Pour l'Impératrice et pour les courtisans zélés le spectacle des revues, des parades commence de bonne heure le matin; elles sont toujours suivies de quelques réceptions; l'Impératrice rentre dans son intérieur pour un quart d'heure, puis elle va se promener en voiture pendant deux heures; ensuite elle prend un bain avant de ressortir à cheval; rentrée chez elle une seconde fois, elle reçoit encore: enfin elle va visiter quelques établissements utiles qu'elle dirige ou quelque personne de son intimité; elle sort de là pour suivre l'Empereur au camp. Il y en a toujours un quelque part: ils rentrent pour danser; et voilà comment sa journée, son année se passent, et comment ses forces se perdent avec sa vie.

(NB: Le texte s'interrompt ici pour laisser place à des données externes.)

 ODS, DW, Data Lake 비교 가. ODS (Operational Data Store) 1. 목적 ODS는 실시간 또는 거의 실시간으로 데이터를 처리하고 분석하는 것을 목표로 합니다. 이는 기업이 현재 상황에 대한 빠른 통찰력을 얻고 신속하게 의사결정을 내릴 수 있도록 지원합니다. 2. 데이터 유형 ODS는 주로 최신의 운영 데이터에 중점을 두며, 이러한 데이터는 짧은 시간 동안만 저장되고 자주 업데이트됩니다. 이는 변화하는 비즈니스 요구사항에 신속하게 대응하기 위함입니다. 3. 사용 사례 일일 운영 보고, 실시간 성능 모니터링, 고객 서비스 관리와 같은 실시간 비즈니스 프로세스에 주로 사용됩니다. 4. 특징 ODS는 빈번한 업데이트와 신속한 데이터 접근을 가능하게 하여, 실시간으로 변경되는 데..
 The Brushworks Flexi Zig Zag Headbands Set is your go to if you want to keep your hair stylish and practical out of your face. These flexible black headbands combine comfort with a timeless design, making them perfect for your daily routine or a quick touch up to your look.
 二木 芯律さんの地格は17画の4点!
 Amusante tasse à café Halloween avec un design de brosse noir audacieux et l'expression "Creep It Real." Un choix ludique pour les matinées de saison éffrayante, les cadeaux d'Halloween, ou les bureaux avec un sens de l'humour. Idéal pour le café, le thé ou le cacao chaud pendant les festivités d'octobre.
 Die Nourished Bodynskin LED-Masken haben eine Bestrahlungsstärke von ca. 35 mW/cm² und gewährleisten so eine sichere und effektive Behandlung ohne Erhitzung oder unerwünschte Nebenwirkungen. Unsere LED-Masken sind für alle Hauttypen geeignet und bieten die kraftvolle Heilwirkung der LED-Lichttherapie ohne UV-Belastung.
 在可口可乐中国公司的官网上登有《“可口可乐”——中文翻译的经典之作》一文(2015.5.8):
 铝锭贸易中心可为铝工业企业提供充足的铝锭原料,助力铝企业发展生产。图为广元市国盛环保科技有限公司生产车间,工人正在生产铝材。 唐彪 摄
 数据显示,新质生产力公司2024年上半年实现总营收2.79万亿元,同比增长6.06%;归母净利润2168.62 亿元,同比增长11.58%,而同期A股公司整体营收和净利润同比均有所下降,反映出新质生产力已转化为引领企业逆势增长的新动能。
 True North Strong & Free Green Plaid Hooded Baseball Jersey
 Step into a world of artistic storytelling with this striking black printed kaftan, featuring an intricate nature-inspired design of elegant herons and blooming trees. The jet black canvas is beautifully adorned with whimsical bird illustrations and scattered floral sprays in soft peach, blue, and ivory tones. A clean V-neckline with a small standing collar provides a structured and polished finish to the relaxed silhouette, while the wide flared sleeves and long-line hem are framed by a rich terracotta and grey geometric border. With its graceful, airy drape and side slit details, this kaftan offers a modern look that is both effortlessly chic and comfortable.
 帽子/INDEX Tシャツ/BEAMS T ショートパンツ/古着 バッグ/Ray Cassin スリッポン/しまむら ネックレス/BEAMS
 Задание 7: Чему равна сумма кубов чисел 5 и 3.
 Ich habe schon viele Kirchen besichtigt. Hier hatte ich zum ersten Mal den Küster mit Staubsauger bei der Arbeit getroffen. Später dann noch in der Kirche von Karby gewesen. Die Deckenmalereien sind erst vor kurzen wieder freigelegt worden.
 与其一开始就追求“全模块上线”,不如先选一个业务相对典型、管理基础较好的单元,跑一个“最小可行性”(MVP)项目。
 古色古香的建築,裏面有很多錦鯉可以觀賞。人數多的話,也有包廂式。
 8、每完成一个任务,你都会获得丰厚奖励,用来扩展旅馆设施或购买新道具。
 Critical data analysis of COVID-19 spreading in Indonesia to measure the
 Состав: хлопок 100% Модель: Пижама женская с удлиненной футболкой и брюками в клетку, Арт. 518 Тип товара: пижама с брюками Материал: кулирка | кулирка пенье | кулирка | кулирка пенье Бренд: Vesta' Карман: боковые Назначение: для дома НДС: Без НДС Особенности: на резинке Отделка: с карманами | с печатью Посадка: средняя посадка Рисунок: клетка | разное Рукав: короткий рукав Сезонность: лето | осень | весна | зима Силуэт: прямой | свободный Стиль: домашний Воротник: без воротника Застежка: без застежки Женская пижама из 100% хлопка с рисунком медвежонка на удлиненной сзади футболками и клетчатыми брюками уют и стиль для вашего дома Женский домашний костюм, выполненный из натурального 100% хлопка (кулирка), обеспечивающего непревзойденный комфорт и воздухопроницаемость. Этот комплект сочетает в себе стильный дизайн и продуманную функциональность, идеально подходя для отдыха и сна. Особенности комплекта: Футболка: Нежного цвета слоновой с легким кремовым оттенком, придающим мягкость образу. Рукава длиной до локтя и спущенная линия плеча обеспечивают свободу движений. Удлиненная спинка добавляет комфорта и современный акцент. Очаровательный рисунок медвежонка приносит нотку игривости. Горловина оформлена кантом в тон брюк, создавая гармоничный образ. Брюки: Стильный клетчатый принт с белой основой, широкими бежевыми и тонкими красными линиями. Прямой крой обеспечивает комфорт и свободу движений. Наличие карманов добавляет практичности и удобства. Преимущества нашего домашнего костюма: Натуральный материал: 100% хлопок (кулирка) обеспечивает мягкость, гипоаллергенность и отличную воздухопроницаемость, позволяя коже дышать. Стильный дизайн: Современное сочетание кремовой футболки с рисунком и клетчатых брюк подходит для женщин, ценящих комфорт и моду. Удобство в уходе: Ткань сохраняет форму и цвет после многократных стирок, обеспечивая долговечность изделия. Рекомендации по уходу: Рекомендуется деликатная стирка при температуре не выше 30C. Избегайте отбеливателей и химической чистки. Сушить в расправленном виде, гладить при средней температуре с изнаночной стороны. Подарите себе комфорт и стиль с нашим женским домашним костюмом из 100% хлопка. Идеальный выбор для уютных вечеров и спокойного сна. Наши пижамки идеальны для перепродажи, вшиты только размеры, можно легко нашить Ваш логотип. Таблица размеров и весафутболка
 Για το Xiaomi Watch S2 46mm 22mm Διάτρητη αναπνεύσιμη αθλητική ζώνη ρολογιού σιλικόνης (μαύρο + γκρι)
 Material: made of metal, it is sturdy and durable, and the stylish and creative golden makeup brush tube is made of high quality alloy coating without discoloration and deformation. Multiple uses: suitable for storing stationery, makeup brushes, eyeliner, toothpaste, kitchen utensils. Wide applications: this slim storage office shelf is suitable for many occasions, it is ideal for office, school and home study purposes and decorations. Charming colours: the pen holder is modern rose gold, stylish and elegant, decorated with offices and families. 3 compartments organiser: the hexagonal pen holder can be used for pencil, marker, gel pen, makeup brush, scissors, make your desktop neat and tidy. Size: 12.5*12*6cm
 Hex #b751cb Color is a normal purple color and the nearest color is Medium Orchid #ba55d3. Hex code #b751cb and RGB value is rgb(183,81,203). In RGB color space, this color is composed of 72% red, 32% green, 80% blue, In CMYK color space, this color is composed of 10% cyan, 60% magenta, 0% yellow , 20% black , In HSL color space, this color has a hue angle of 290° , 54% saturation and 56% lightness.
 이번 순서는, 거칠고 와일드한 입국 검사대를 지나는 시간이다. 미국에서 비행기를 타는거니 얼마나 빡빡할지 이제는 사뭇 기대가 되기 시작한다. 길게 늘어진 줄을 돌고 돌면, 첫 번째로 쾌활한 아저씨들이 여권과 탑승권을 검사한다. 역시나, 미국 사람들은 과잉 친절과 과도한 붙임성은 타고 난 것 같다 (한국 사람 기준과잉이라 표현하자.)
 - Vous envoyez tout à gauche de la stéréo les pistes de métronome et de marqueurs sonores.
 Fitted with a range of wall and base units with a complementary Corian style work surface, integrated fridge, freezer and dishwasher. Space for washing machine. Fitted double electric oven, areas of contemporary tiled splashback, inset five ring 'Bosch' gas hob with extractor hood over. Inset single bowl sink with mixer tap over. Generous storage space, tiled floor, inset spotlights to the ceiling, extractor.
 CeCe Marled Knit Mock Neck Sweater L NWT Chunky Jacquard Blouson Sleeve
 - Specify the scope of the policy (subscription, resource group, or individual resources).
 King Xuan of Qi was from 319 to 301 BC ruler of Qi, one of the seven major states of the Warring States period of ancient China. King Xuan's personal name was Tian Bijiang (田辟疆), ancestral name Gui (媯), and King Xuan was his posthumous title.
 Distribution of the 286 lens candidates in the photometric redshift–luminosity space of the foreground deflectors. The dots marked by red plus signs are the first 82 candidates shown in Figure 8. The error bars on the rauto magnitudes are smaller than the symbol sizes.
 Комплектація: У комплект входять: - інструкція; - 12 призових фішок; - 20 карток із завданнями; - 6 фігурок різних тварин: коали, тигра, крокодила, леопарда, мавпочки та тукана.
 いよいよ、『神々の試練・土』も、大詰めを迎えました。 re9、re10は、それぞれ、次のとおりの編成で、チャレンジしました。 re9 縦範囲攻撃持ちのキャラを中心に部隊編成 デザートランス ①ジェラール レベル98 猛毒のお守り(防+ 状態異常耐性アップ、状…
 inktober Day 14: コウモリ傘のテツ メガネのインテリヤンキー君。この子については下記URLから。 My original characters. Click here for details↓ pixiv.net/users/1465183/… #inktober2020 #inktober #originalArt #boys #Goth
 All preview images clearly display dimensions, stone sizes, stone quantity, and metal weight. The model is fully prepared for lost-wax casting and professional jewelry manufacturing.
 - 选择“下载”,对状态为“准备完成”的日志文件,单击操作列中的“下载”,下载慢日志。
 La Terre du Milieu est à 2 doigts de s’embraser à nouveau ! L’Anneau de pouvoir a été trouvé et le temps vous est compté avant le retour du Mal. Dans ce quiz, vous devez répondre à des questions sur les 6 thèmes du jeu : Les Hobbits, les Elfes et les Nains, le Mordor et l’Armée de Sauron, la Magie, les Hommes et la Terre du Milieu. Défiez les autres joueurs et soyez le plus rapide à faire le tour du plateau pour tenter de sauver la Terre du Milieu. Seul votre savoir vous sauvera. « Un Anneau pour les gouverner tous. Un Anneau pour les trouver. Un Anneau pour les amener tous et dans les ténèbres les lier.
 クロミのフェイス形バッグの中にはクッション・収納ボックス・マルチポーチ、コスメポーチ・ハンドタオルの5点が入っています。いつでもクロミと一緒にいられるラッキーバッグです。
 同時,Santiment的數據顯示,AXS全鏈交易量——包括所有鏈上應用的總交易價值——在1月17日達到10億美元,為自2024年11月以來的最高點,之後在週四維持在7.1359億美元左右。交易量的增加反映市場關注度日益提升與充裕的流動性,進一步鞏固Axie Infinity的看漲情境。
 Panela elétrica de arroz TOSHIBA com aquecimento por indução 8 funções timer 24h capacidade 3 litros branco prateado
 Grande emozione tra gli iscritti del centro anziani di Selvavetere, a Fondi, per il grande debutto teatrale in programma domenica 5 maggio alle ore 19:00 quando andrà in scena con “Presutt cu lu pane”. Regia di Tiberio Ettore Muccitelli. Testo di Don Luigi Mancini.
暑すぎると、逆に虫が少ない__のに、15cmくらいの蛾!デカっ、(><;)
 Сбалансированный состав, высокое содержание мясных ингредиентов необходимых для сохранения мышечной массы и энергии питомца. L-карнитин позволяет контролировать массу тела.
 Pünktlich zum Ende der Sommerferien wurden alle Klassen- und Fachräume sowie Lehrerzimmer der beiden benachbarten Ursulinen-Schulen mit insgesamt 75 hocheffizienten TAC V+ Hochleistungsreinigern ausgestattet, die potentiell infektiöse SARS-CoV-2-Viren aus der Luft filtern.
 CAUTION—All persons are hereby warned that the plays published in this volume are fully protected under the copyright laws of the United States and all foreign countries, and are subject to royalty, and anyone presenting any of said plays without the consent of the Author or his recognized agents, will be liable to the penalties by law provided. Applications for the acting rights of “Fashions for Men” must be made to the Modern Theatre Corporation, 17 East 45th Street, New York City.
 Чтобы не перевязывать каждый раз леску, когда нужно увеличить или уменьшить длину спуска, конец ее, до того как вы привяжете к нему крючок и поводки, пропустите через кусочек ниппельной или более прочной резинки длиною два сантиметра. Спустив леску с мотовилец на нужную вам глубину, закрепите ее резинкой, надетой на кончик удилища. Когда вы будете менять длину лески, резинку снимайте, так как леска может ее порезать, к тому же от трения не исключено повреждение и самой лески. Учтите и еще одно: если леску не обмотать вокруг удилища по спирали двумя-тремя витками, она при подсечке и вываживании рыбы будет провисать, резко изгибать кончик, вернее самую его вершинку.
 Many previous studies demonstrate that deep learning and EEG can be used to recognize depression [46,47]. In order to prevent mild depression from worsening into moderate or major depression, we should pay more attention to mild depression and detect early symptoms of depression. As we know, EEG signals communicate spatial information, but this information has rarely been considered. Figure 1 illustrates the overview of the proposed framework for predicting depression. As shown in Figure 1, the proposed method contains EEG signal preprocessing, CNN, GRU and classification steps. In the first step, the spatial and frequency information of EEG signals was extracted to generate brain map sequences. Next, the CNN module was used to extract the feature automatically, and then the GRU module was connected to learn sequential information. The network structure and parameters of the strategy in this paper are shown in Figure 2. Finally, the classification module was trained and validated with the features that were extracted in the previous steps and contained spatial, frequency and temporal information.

Les personnes qui n'ont pas le courage ou la santé nécessaires pour partager cette terrible vie, ne sont pas en faveur.

L'Impératrice me disait l'autre jour, en parlant d'une femme très-distinguée, mais délicate: «Elle est toujours malade!» Au ton, à l'air dont fut prononcé ce jugement, je sentis qu'il décidait du sort d'une famille. Dans un monde où l'on ne se contente pas des bonnes intentions une maladie équivaut à une disgrâce.

L'Impératrice ne se croit pas plus dispensée que les autres de la nécessité de payer de sa personne.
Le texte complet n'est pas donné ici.